▸ **Problem to work on**: Once the pictures are set aside, transcribe each line of the data exactly.

Stored items
--------

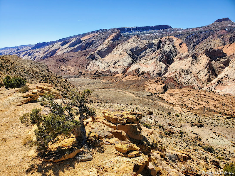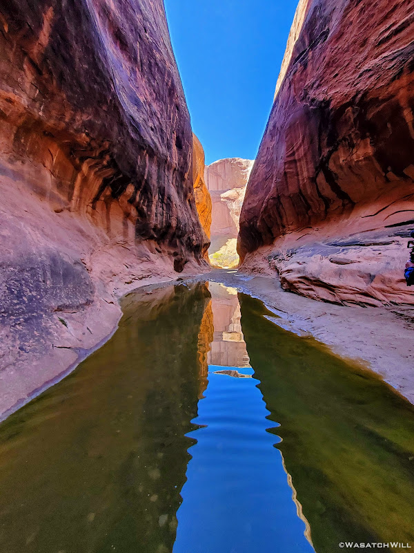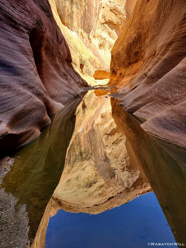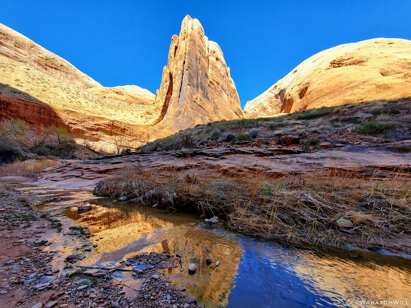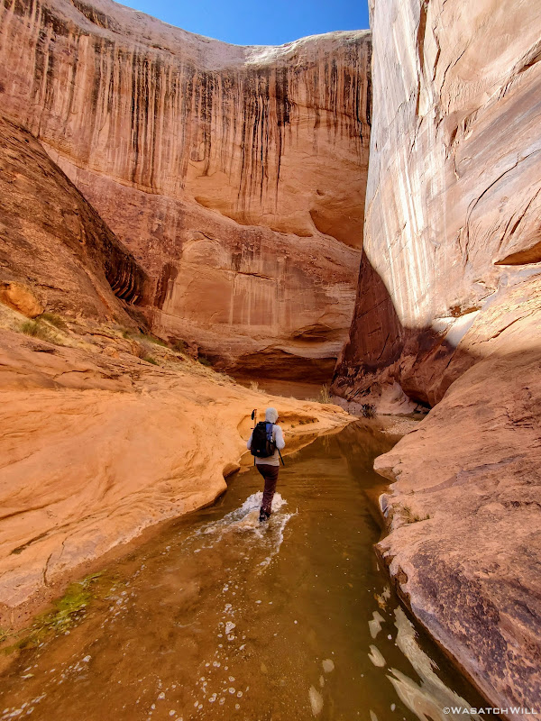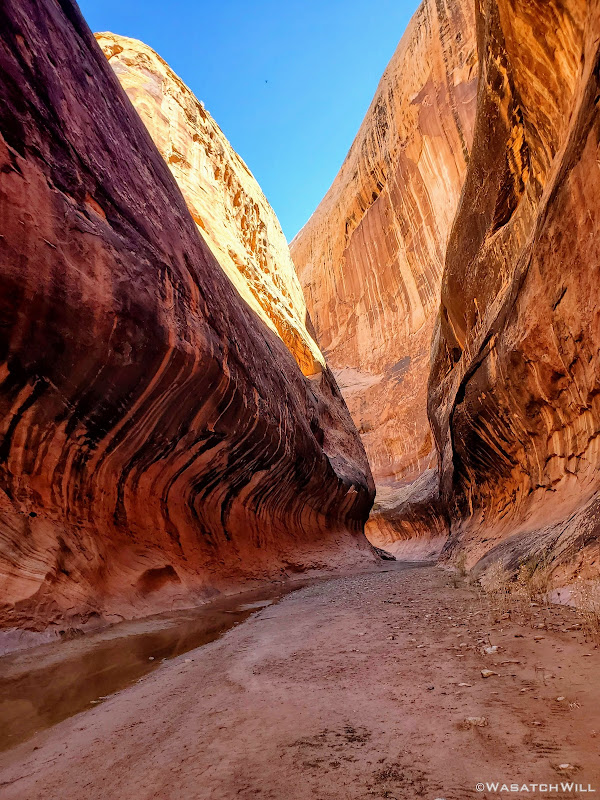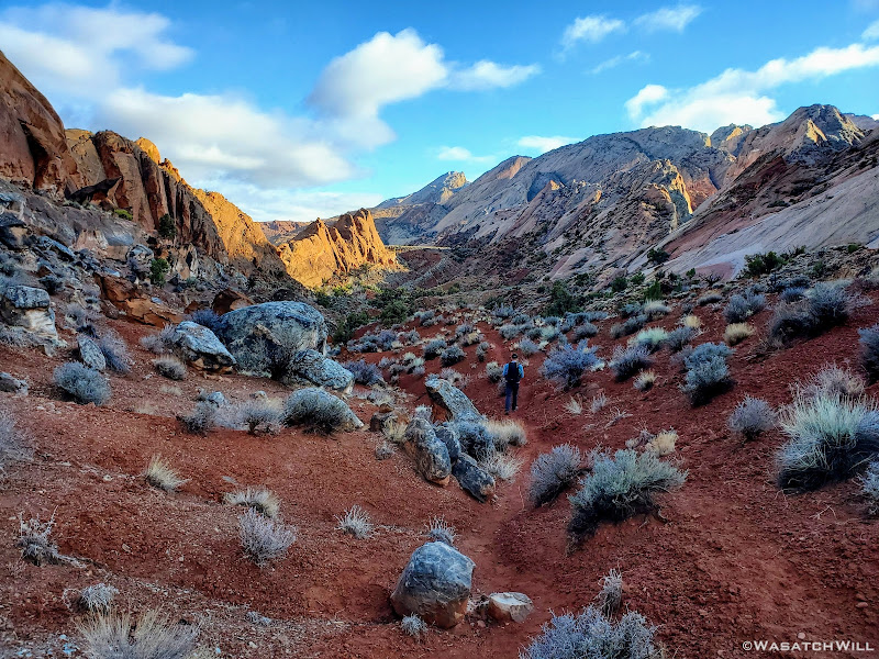 When my friend Devin contacted me about wanting to do a weekend desert trip, he had been keen to do an unknown route he had strung together down on Cedar Mesa, but for various reasons, that was put on the back shelf. We then started considering a loop in Capitol Reef through Lower Muley Twist, but we were not sure how icy a crux spot along that route might be, if there was any left at all, especially with recent wet weather and below freezing temps at night. There was another route I had strung together to explore an unfamiliar canyon in the northern part of Capitol Reef but again, that too was shelved for another idea I had pitched to him: Halls Creek Narrows. Since Devin had yet to experience that himself, I was able to convince him that this would be a perfect opportunity for him to check that one off.
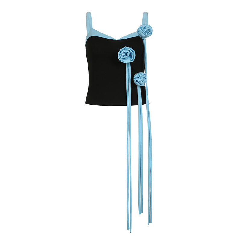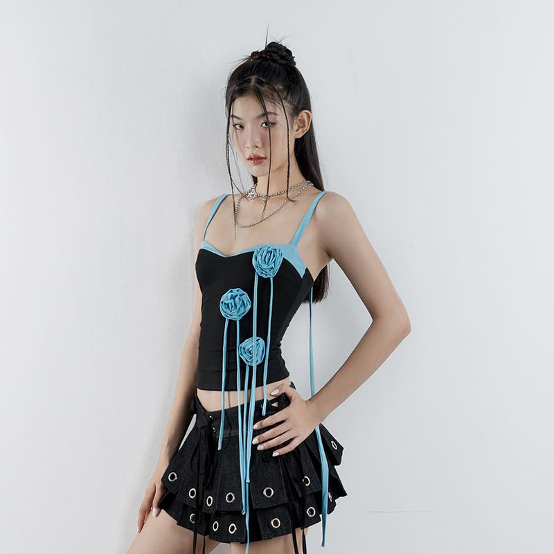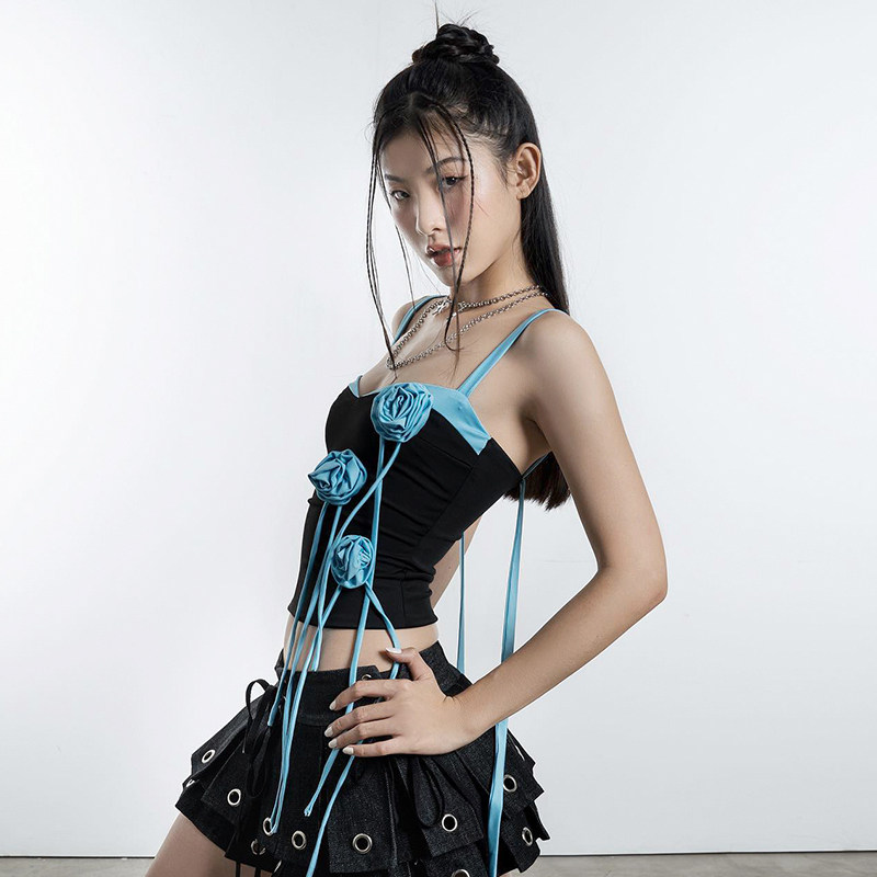 WEEKEEP [Любовь в голубом небе] Небесно-голубой жилет с лентой и цветочной лентой для женщин, чтобы носить утягивающий танцевальный топ
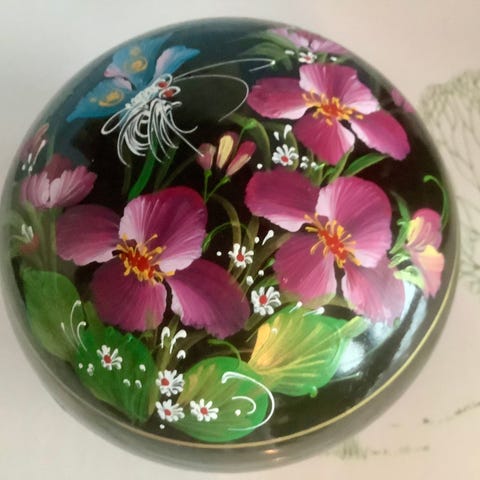 Smukt håndmalet lakskrin med håndskåret blomster indeni.
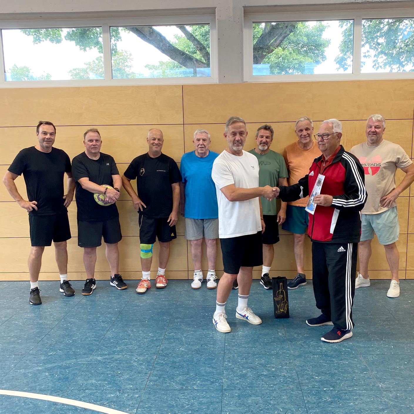 Dies nahm die Fußtennisgruppe zum Anlass, ihrem Sportkameraden am 28. 8. 2025 mit der „üblichen“ Flasche edlen Wein zu gratulieren und alles Gute für die Zukunft zu wünschen. Auf zwei bebilderten Seiten bekam „Grossi“, wie er von seinen Sportkameraden genannt wird, noch einen persönlichen Rückblick überreicht. Angefangen mit der Jugendzeit, wo er als Spielführer der Wormser Jugendfußballkreisauswahl, als Oberligaspieler bei Wormatia Worms und dann als Trainer und Spieler gemeinsam mit Frank Klöter und Markus Heng 2001 mit unserem TuS Hochheim die Meisterschaft der A-Klasse und den Aufstieg in die Bezirksliga erreichte. Weitere Erfolge folgten dann im AH-Bereich.
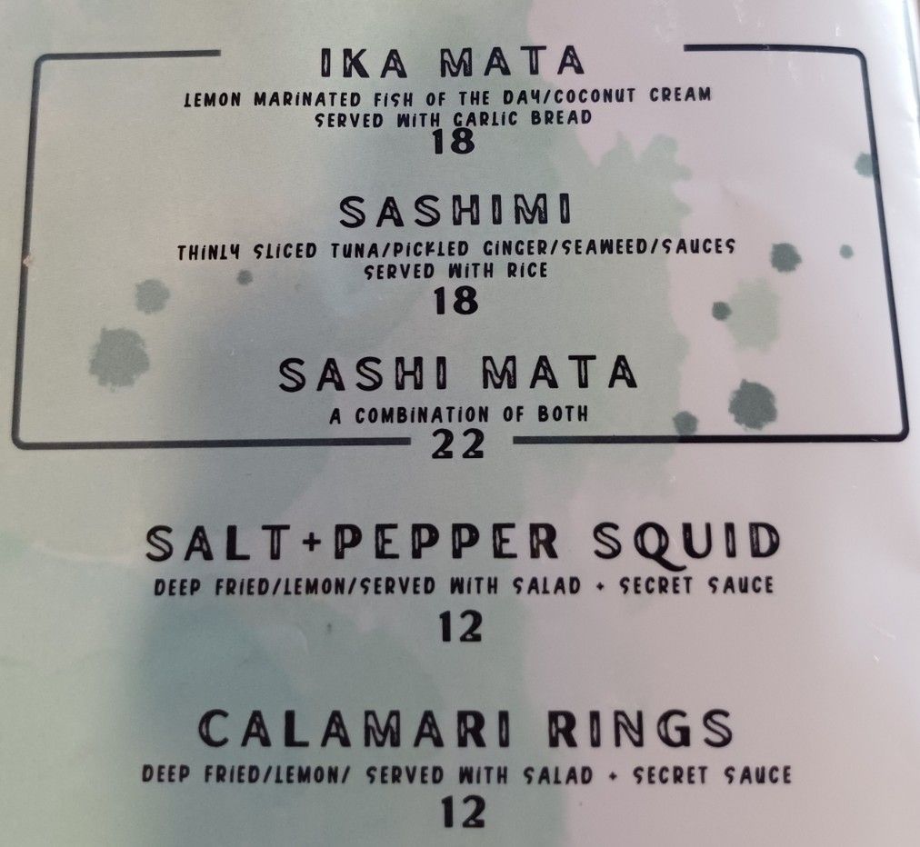 Dabei war ich gestern Abend ja schon schlemmen in „Charlies Bar“, inkl. Livemusik. Roher Fisch wird hier im Übrigen viel gegessen. Witzig ist, dass diese Speisen als „Fertiggericht“ auf dem Markt oder im Supermarkt 12-15 NZ$ kosten, also unwesentlich weniger. Aber natürlich nicht so appetitlich angerichtet.
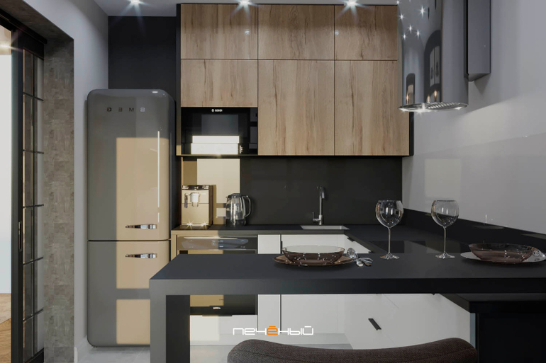 Впихнуть сюда стол так, чтобы за ним с удобством уместились все члены семьи, не получалось. В приоритете стояли места для хранения и посудомойка - это пожелание мы выполнили. Барная стойка тоже была давней мечтой владельцев квартиры, так что они только обрадовались, когда их кухня обогатилась на такой уютный уголок. :)
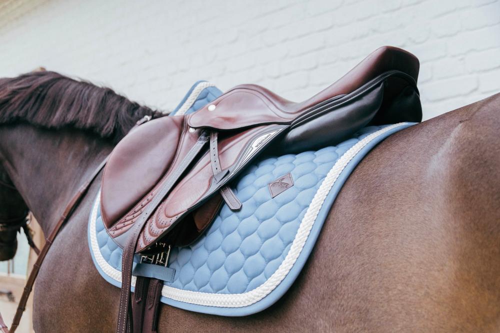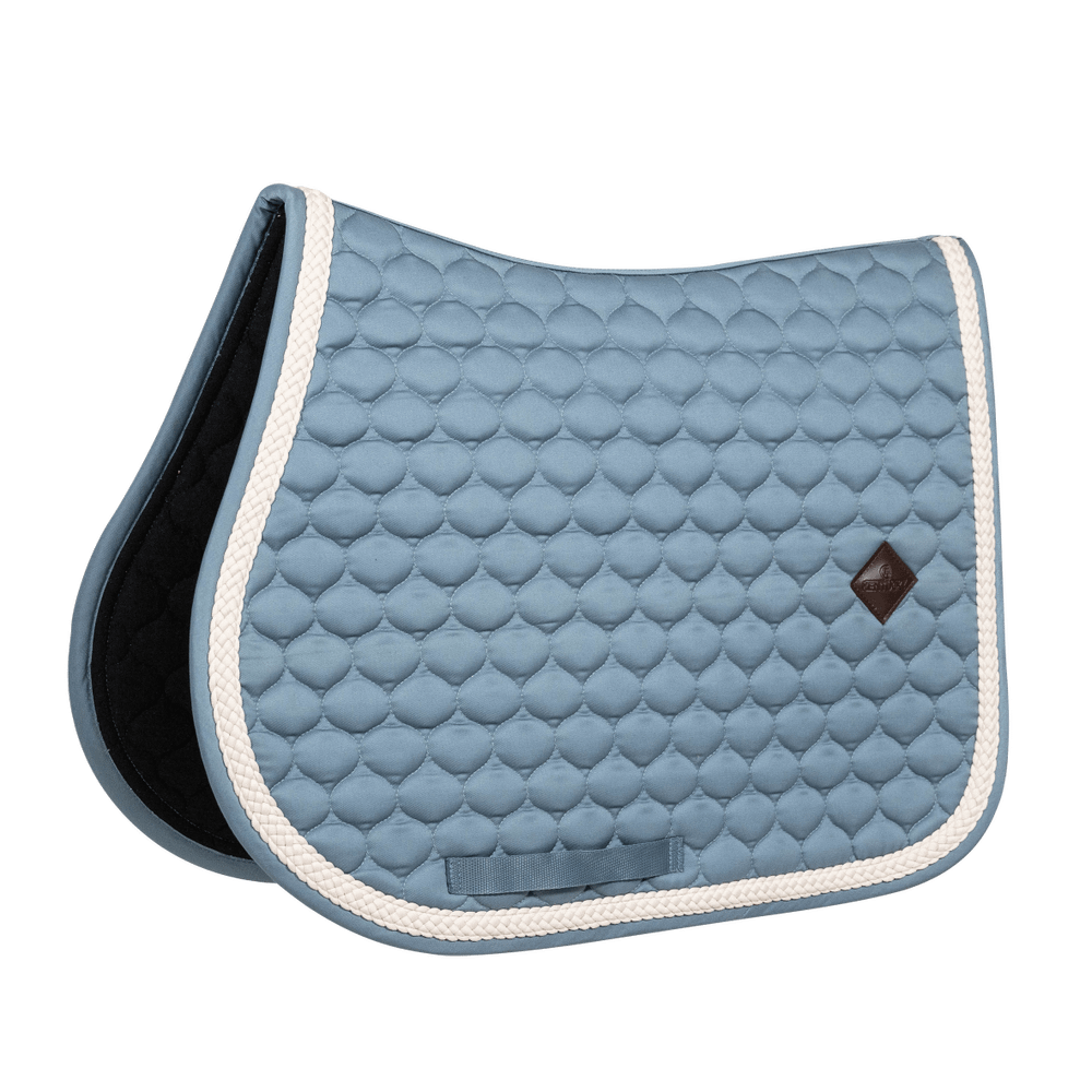 Le tapis de selle est doté d'une matelassure unique. La doublure du tapis de selle est un mélange de coton et de polyester qui absorbe facilement la transpiration et est très respirant. Le tapis de selle comporte également le logo de Kentucky avec un patch en cuir artificiel sur un côté du tapis de selle.
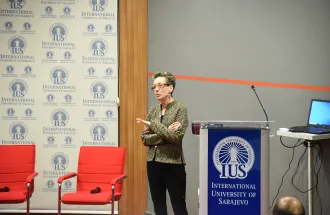 On May 17, 2022, Dr. Gretchen Knudson Gee, Professor at the Northern Arizona University, USA visited the International University of Sarajevo (IUS) and held an informative lecture titled "The Russian- Ukrainian War: Regional and Global Impacts". The lecture covered a very relevant topic of Russian invasion of Ukraine and its impact on the states all over the world.
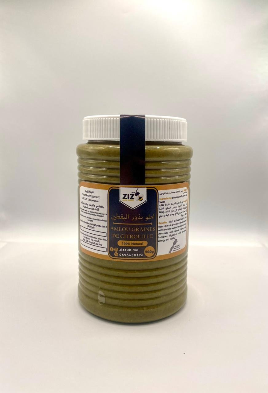 L’amlou Zizouit est une recette innovante qui mélange des graines de courge riches en nutriments, du miel pur et de l’huile d’olive vierge. Un mélange naturel de haute qualité, au goût délicieux et à la texture crémeuse, idéal pour un mode de vie sain et équilibré.
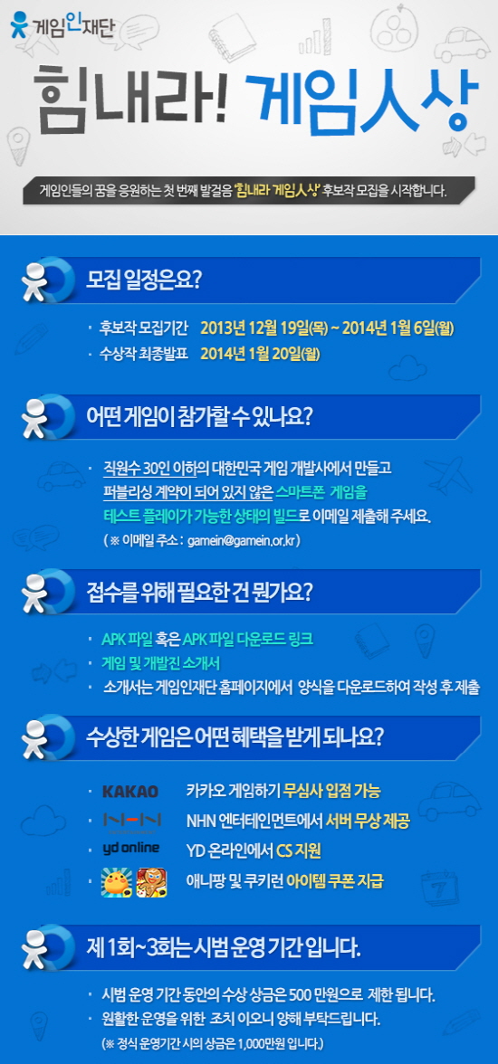 재단법인 게임인재단(이사장 남궁훈, www.gamein.or.kr)은 금일 19일부터 내달 6일까지 대한민국 중소 모바일 게임 개발사 지원을 위한 ‘힘내라, 게임인상’ 공모를 진행한다.

--------

▸ **Solution for this problem**:
 When my friend Devin contacted me about wanting to do a weekend desert trip, he had been keen to do an unknown route he had strung together down on Cedar Mesa, but for various reasons, that was put on the back shelf. We then started considering a loop in Capitol Reef through Lower Muley Twist, but we were not sure how icy a crux spot along that route might be, if there was any left at all, especially with recent wet weather and below freezing temps at night. There was another route I had strung together to explore an unfamiliar canyon in the northern part of Capitol Reef but again, that too was shelved for another idea I had pitched to him: Halls Creek Narrows. Since Devin had yet to experience that himself, I was able to convince him that this would be a perfect opportunity for him to check that one off.
 WEEKEEP [Любовь в голубом небе] Небесно-голубой жилет с лентой и цветочной лентой для женщин, чтобы носить утягивающий танцевальный топ
 Smukt håndmalet lakskrin med håndskåret blomster indeni.
 Dies nahm die Fußtennisgruppe zum Anlass, ihrem Sportkameraden am 28. 8. 2025 mit der „üblichen“ Flasche edlen Wein zu gratulieren und alles Gute für die Zukunft zu wünschen. Auf zwei bebilderten Seiten bekam „Grossi“, wie er von seinen Sportkameraden genannt wird, noch einen persönlichen Rückblick überreicht. Angefangen mit der Jugendzeit, wo er als Spielführer der Wormser Jugendfußballkreisauswahl, als Oberligaspieler bei Wormatia Worms und dann als Trainer und Spieler gemeinsam mit Frank Klöter und Markus Heng 2001 mit unserem TuS Hochheim die Meisterschaft der A-Klasse und den Aufstieg in die Bezirksliga erreichte. Weitere Erfolge folgten dann im AH-Bereich.
 Dabei war ich gestern Abend ja schon schlemmen in „Charlies Bar“, inkl. Livemusik. Roher Fisch wird hier im Übrigen viel gegessen. Witzig ist, dass diese Speisen als „Fertiggericht“ auf dem Markt oder im Supermarkt 12-15 NZ$ kosten, also unwesentlich weniger. Aber natürlich nicht so appetitlich angerichtet.
 Впихнуть сюда стол так, чтобы за ним с удобством уместились все члены семьи, не получалось. В приоритете стояли места для хранения и посудомойка - это пожелание мы выполнили. Барная стойка тоже была давней мечтой владельцев квартиры, так что они только обрадовались, когда их кухня обогатилась на такой уютный уголок. :)
 Le tapis de selle est doté d'une matelassure unique. La doublure du tapis de selle est un mélange de coton et de polyester qui absorbe facilement la transpiration et est très respirant. Le tapis de selle comporte également le logo de Kentucky avec un patch en cuir artificiel sur un côté du tapis de selle.
 On May 17, 2022, Dr. Gretchen Knudson Gee, Professor at the Northern Arizona University, USA visited the International University of Sarajevo (IUS) and held an informative lecture titled "The Russian- Ukrainian War: Regional and Global Impacts". The lecture covered a very relevant topic of Russian invasion of Ukraine and its impact on the states all over the world.
 L’amlou Zizouit est une recette innovante qui mélange des graines de courge riches en nutriments, du miel pur et de l’huile d’olive vierge. Un mélange naturel de haute qualité, au goût délicieux et à la texture crémeuse, idéal pour un mode de vie sain et équilibré.
 재단법인 게임인재단(이사장 남궁훈, www.gamein.or.kr)은 금일 19일부터 내달 6일까지 대한민국 중소 모바일 게임 개발사 지원을 위한 ‘힘내라, 게임인상’ 공모를 진행한다.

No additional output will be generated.